General Ainslie looked uncomfortable.
“Do you remember that Chinese funeral we saw at Pekin, George?” his wife continued. “Do you remember the widows in covered cages dragging along behind the corpse—and the big fellow with the prod walking behind each cage? And whenever the widows stopped howling, don’t you remember how those prods were worked until the response from inside was satisfactory?”
“Yes, but—really, I must say, Abbie——”
“Well, George—poverty is the prod. No wonder they mourn Wentworth.”
General Ainslie looked foolish. “I guess I won’t confess,” he said to himself, “that it was this afternoon I told the Bromfields they had only five hundred a year and the house in Stoughton. It would encourage her in her cynicism.”
CHAPTER II.
THE DESERT ISLAND.
THREE months later—August, September, and October, the months of Stoughton’s glory—gave Emily Bromfield a minute acquaintance with all that lay within her new horizon. She was as familiar with Stoughton as Crusoe with his island—and was in a Crusoe-like state of depression. She thought she had found the lowest despond of which human nature is capable on the day she saw the top of the Washington monument disappear, saw the last of the city of her enjoyments and her hopes. But now she dropped to a still lower depth—that depth in which the heart becomes a source of physical discomfort, the appetite fails, the brain sinks into a stupor and the health begins to decline.
“Don’t be so blue, Emmy,” Mrs. Ainslie had said at the station as they were leaving Washington. “Nothing is as bad as it seems in advance. Even Stoughton will have its consolations—though I must confess I can’t think what they could be at this distance.”
But the proverb was wrong and Stoughton as a reality was worse than Stoughton as a foreboding.
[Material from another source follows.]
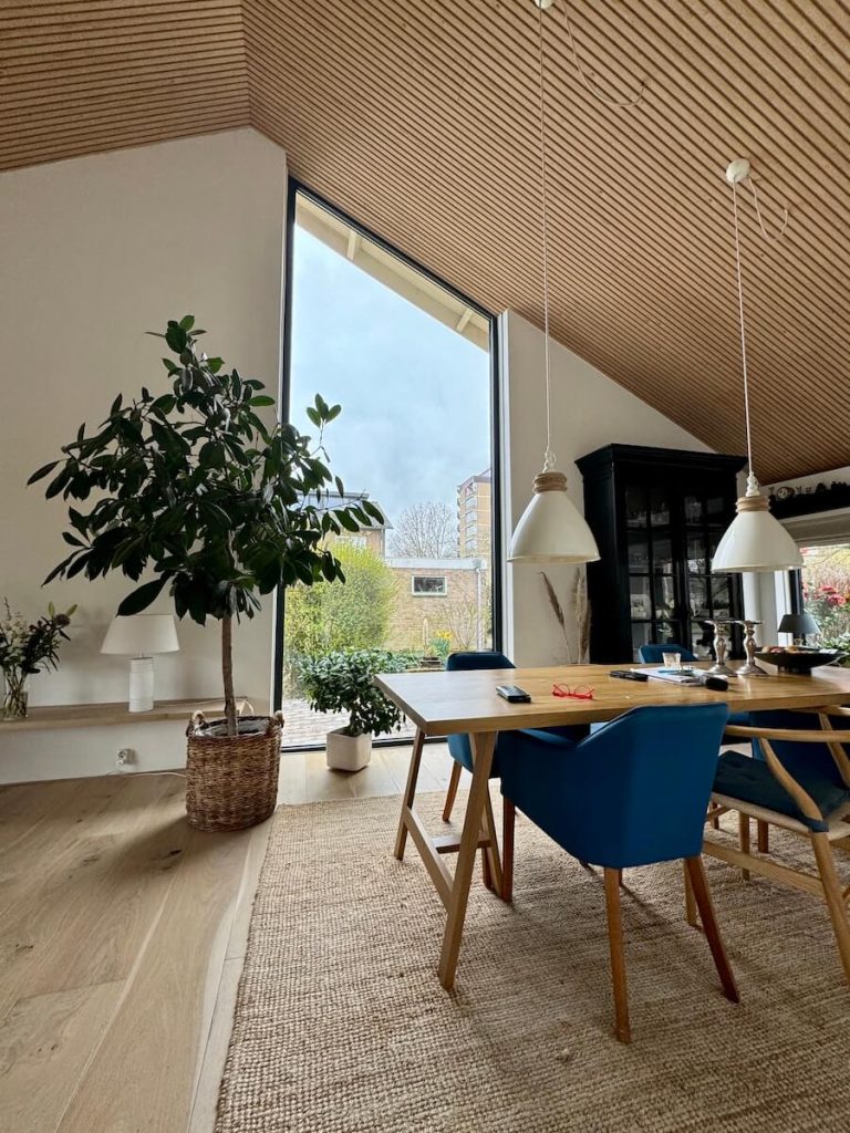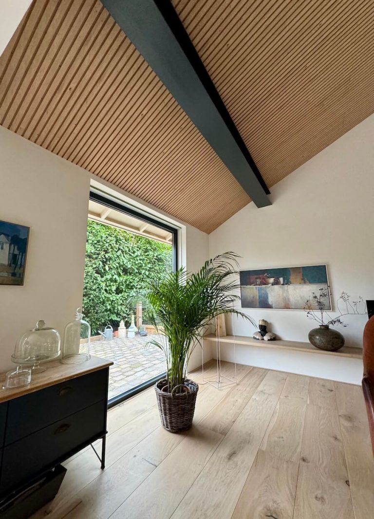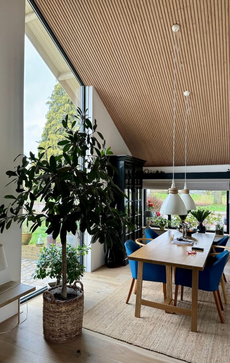 De enorme blikvanger van de bungalow is het nieuwe, enorme raam aan de zijkant van de woning. Het werd nieuw geplaatst en het glas reikt van het puntje van het dak tot de vloer. Het levert een enorme hoeveelheid licht op in de woning.

At first Emily was occupied in arranging their new home—creeper-clad, broad of veranda and viewing a long sloping lawn where the sun and the moon traced the shadows of century-old trees. She began to think that Stoughton was not so bad after all. The “best people” had called and had made a good impression. Her mother had for the moment lifted herself out of peevish and tearful grief, and had ceased giving double weight to her daughter’s oppressive thoughts by speaking them. But illusion and delusion departed with the departing sense of novelty.